Aim of the task -
For the entries that follow, retype exactly the lines from the one containing "Petite digression : la" to the one containing "8 月的 TIOBE 编程语言榜单已最新发布了,一起来看看这个月有什么值得关注的新变化吧!", inclusive, and only those. Images stay out of the copy.

Supplied material -
---+---

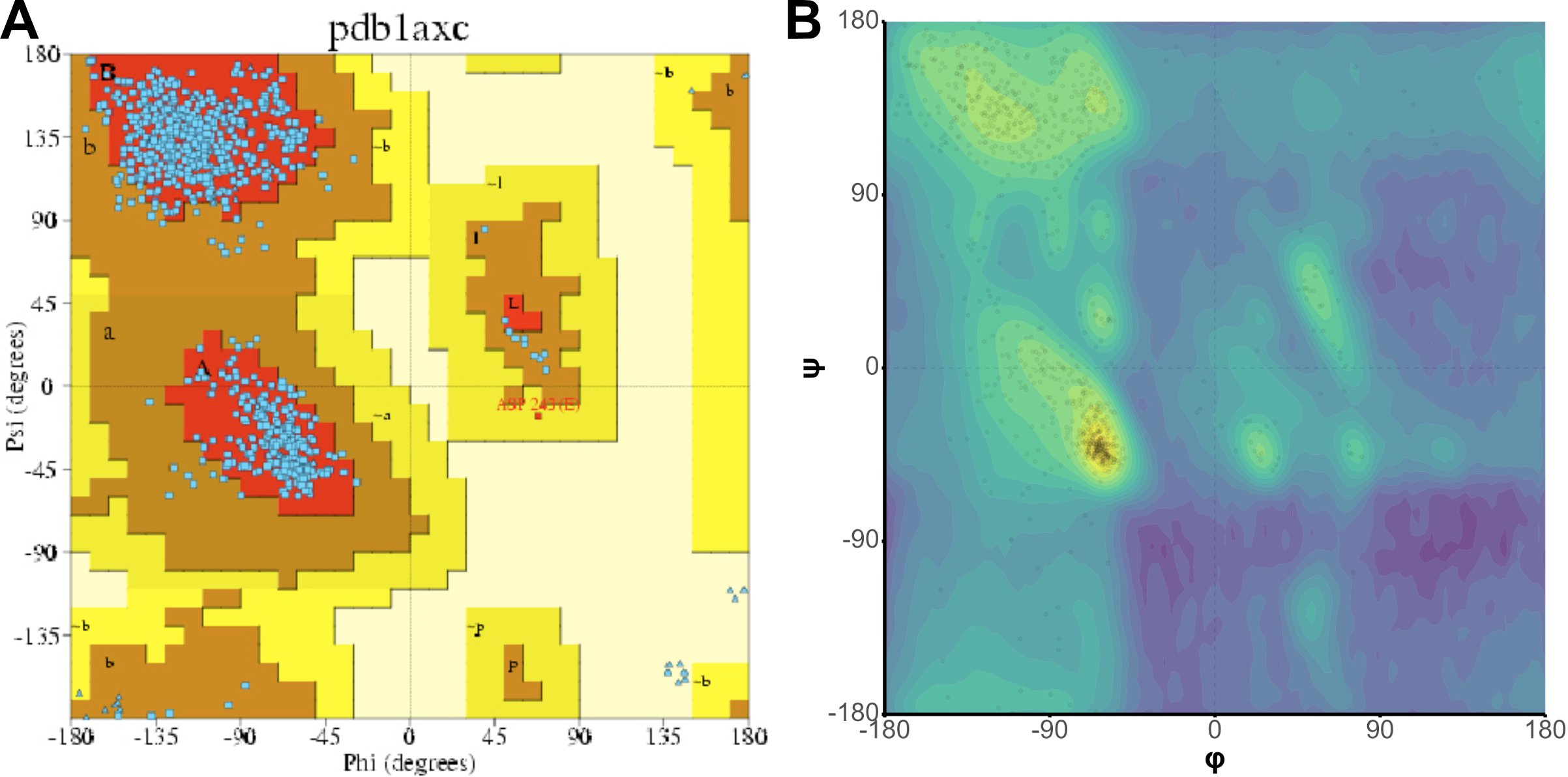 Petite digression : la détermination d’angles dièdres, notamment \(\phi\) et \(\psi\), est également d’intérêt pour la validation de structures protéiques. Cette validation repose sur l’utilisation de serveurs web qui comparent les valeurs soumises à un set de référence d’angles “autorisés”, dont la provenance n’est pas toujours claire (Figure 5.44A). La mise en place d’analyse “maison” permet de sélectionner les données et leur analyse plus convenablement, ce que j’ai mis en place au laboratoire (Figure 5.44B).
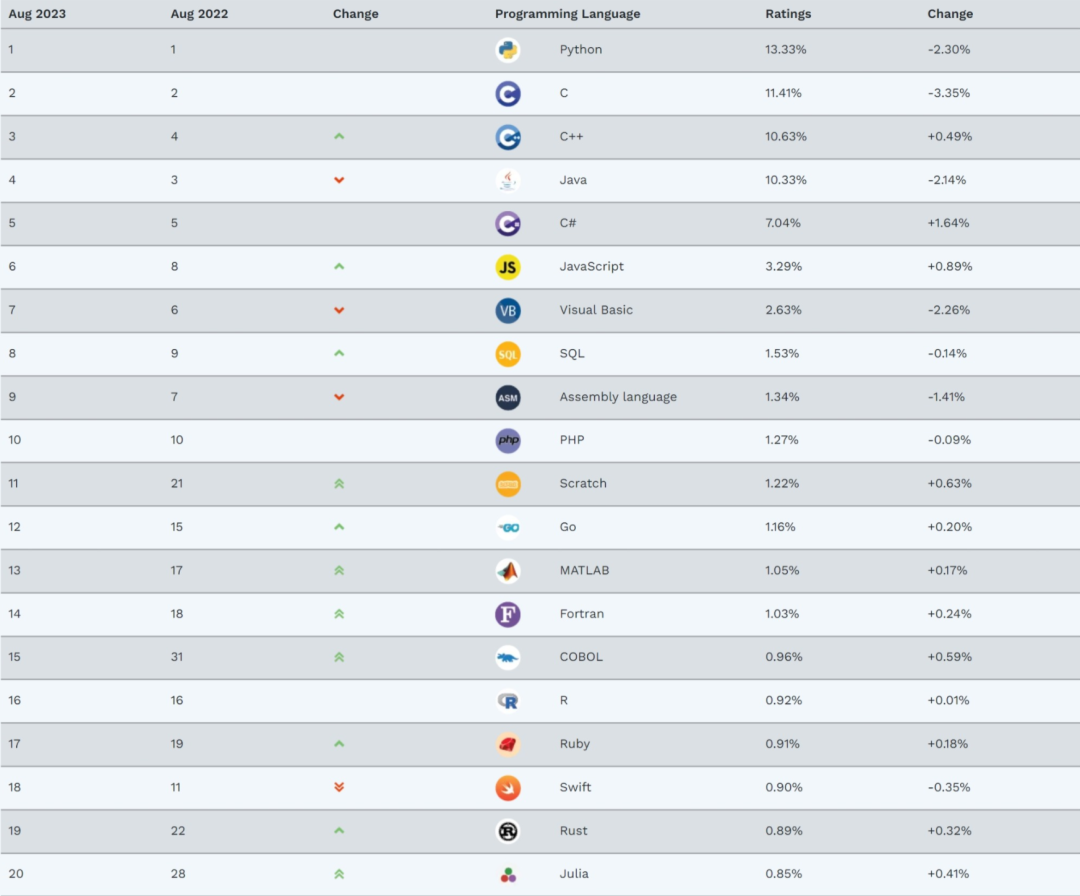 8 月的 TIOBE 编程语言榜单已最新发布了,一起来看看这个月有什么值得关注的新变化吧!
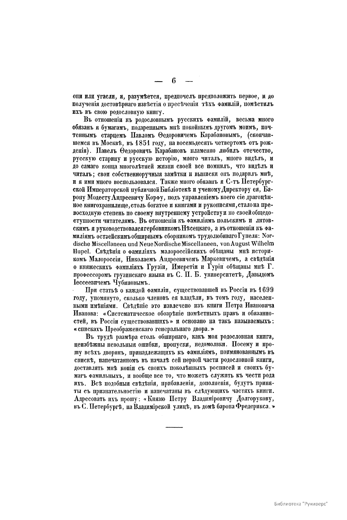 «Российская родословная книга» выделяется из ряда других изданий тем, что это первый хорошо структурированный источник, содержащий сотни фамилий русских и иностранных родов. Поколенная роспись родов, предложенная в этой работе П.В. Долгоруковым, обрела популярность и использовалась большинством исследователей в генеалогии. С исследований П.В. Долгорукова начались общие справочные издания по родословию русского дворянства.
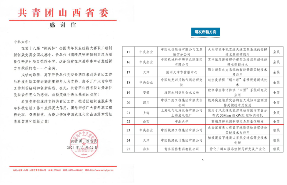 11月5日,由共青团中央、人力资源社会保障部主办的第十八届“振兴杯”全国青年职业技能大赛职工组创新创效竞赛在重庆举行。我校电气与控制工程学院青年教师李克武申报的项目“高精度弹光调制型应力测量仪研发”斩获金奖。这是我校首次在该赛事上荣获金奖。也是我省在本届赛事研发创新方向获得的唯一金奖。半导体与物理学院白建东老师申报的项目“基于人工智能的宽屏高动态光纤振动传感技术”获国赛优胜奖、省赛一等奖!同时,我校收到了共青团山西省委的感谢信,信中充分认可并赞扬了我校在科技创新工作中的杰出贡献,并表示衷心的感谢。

---+---

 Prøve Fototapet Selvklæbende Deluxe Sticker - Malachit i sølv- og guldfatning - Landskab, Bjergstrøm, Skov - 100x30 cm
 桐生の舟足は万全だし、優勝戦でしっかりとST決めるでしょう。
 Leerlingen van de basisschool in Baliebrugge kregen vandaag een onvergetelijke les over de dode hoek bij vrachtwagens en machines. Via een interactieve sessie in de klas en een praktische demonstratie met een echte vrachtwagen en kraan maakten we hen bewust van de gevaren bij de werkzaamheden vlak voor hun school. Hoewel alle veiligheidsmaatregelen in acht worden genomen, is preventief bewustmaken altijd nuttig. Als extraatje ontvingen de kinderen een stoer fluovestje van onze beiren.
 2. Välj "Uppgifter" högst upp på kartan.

---+---

Result -
 Petite digression : la détermination d’angles dièdres, notamment \(\phi\) et \(\psi\), est également d’intérêt pour la validation de structures protéiques. Cette validation repose sur l’utilisation de serveurs web qui comparent les valeurs soumises à un set de référence d’angles “autorisés”, dont la provenance n’est pas toujours claire (Figure 5.44A). La mise en place d’analyse “maison” permet de sélectionner les données et leur analyse plus convenablement, ce que j’ai mis en place au laboratoire (Figure 5.44B).
 8 月的 TIOBE 编程语言榜单已最新发布了,一起来看看这个月有什么值得关注的新变化吧!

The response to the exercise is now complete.